The municipal market was unchanged to slightly weaker Friday.
"We're a little weaker, but it's pretty dead out there," a trader in Los Angeles said. "A lot of people took the day off, took a long weekend, and it's not going to get much better next week. Really the summer doldrums right now. But we're off maybe a basis point or two, mostly on the long end. It's pretty flat on the short end."
"It's really quiet," a trader in New York added. "There's not a whole lot out for bid. There's just not a whole lot going on."
Trades reported by the Municipal Securities Rulemaking Board Friday were unchanged to slightly weaker. A dealer sold to a customer Connecticut Housing Finance Authority 5.15s of 206 at 5.85%, even with where they were sold Thursday. Bonds from an interdealer trade of California 5s of 2032 yielded 5.12%, one basis point higher than where they traded Thursday. A dealer sold to a customer Wisconsin 5s of 2028 at 4.60%, one basis point higher than where they were sold Thursday.
The Treasury market, however, showed some losses Friday. The yield on the benchmark 10-year Treasury note, which opened at 3.87%, finished at the same level. The yield on the two-year note was quoted near the end of the session at 2.40% after opening at 2.31%. The yield on the 30-year Treasury finished at 4.47% after opening at 4.46%.
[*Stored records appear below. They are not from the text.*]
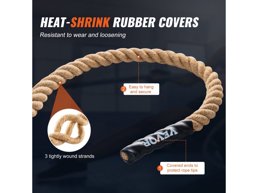 Az edzőtermi fitneszmászó kötél 3 szálból áll, szorosan feltekerve, sűrű szálszerkezettel, amelyek mindkét végén fekete, hőre zsugorodó gumiborítással vannak borítva. A fém mászóhorog kialakításnak köszönhetően a kötél könnyen rögzíthető bármilyen fix ponthoz, megkönnyítve ezzel a testmozgást és az erőnléti edzést.
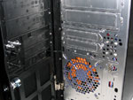 In Sachen Ausstattung hat das Gehäuse innerlich als auch äußerlich einiges zu bieten. So ist im Inneren ein seperater, herausnehmbarer Festplattenkäfig vorhanden, welcher Platz für bis zu fünf Festplatten bietet. Zudem liefert Thermaltake passend für diesen Käfig die enstprechenden "Daumenschrauben" mit, welche für eine einfache, werkzeuglose Montage der 3,5 Zoll Festplatten dienen. Eine Etage höher befinden sich zwei weitere 3,5 Zoll Einschübe, welche entweder für Diskettenlaufwerke oder noch zwei zusätzliche Festplatten genutzt werden können. Auch dieser Laufwerkskäfig lässt sich herausnehmen. Sehr positiv ist, dass bis auf die Mainboard-Montage kein Schraubendreher oder anderes Werkzeug benötigt wird, denn auch die Laufwerke lassen sich dank der mitgelieferten Führungsschienen schnell und einfach integrieren. Hinter der Frontpartie, welche sich in zwei Stufen öffnen lässt, verbirgt sich neben Power-Button, Reset-Knopf und Kontrollleuchten noch der auswechselbare Staubfilter, welcher für saubere Luft sorgt. Allerdings sammelt sich in dem Raum zwischen der Aluminium Frontklappe und den dahinter liegenden Laufwerken auch einiges an Staub auf der empfindlichen Oberfläche - so muss recht oft zum mitgelieferten Staubtuch gegriffen werden.
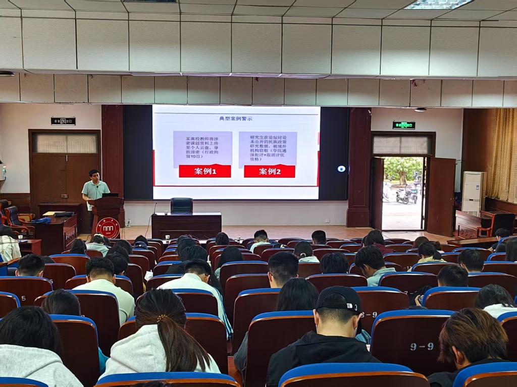 辅导员张老师在宣讲会上解读了《中华人民共和国保守国家秘密法》《中华人民共和国网络安全法》等法律法规,向员工们强调国家秘密受法律保护,任何组织和个人不得泄露、非法获取或买卖国家秘密。使员工明确了保密义务与法律责任,并讲解了高校涉密场景与防范措施,结合相关案例进行了警示教育。倡导员工们树立正确的保密观念、充分认识到保密工作的重要性和必要性,依法履行保密义务,“涉密不上网,上网不涉密”,发现泄密隐患及时向公司保密办报告,用实际行动维护国家安全。
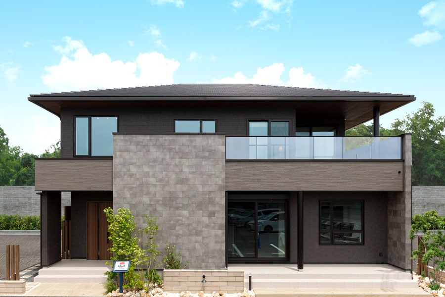 外観は落ち着いた色合いでダンディなテイストに、内装はグレーを基調としたカラーリングでモダンな落ち着きのある空間を演出。トリプルサッシも採用した高断熱仕様のモデルハウスです。
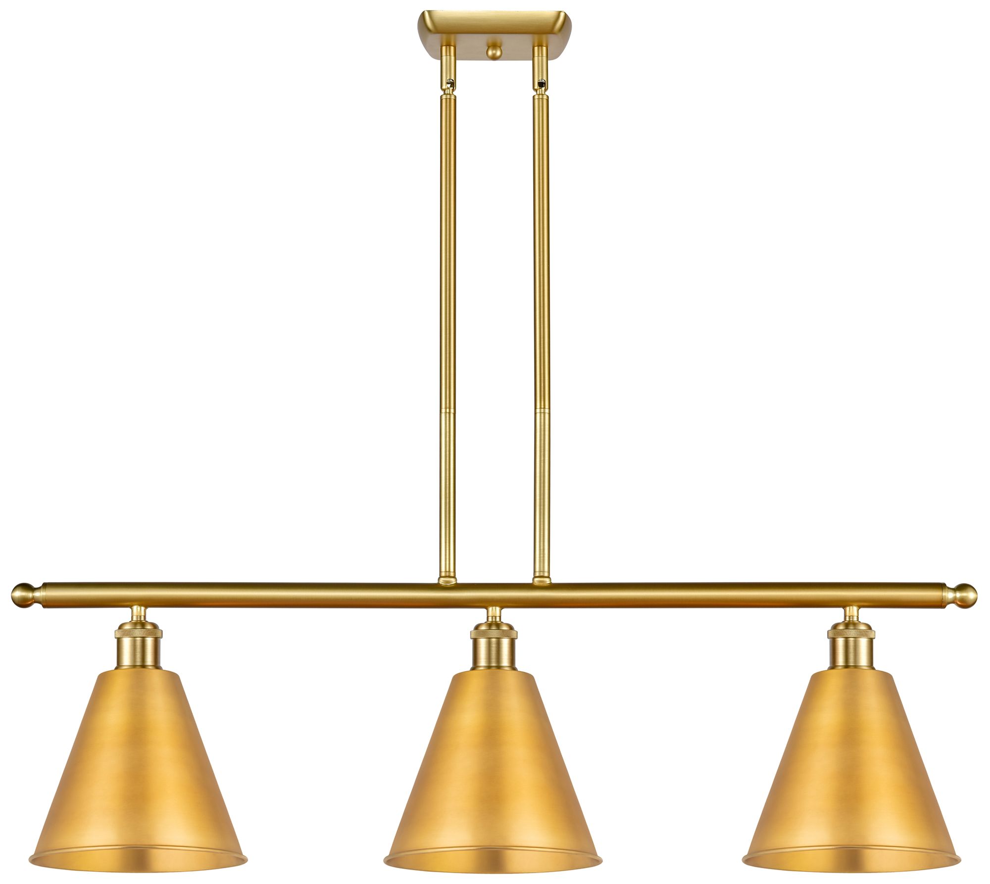 Ballston Cone 36"W 3 Light Satin Gold Stem LED Island Light
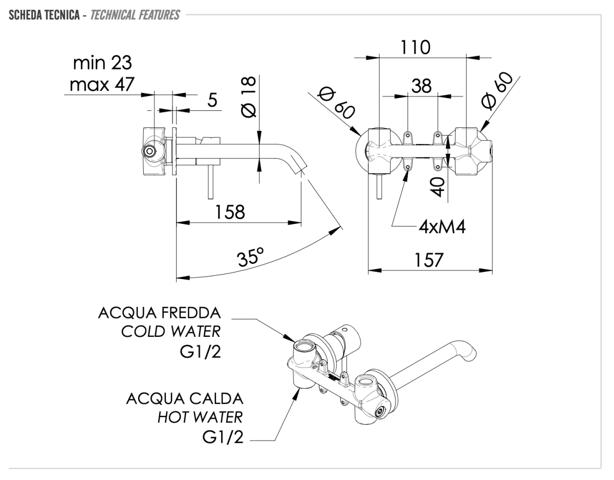 —Смеситель для раковины Remer X Style X15PDO встраиваемый в стену золото
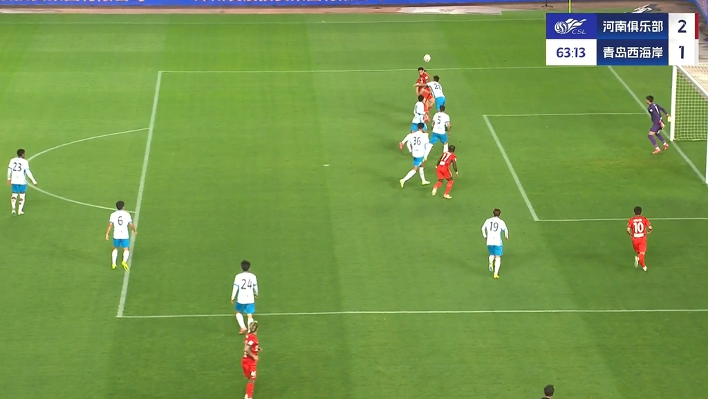 第63分钟,河南队再度领先,纳萨里奥策动攻势,他随后在右路送出传中,费利佩-卡多索头球摆渡,阿奇姆彭头球接力破门,河南队2-1领先青岛西海岸。↓
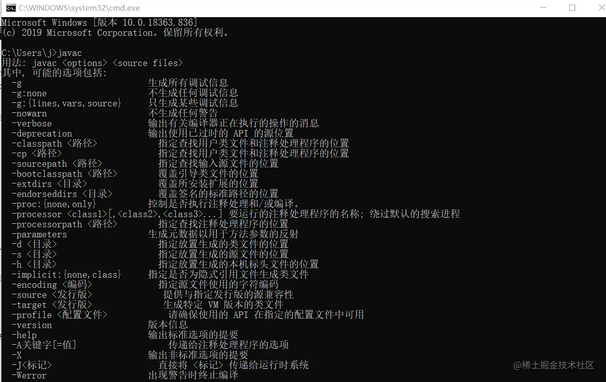 打开Dos窗口(快捷键:window+R) 输入javac,出现下图的界面就说明配置成功了。

The economic calendar was light Friday. However, a slate of economic data will be released this week, beginning today, with existing home sales for July. Tomorrow, the August consumer confidence index and July new home sales will be released, followed Wednesday by the July durable goods report, and Thursday by initial jobless claims for the week ended Aug. 23, continuing jobless claims for the week ended Aug. 16, and preliminary second quarter gross domestic product. On Friday, personal income for July will be released, along with July personal consumption, the July core personal consumption expenditures deflator, the August Chicago purchasing managers index, and the final August University of Michigan consumer sentiment index.
Economists polled by IFR Markets are predicting an annual rate of 4.94 million existing home sales, a 53.0 reading for the consumer confidence index, an annual rate of 525,000 new home sales, a 0.1% uptick in durable good orders, a 0.3% dip in durable goods orders excluding transportation, 427,000 initial jobless claims, 3.400 million continuing jobless claims, a 2.7% annual rate for GDP, a 0.1% decline in personal income, a 0.2% increase in personal consumption, a 0.3% rise to the core PCE deflator, a 49.8 Chicago PMI reading, and a 62.0 reading for the Michigan sentiment index.
Activity in the new-issue market was light Friday.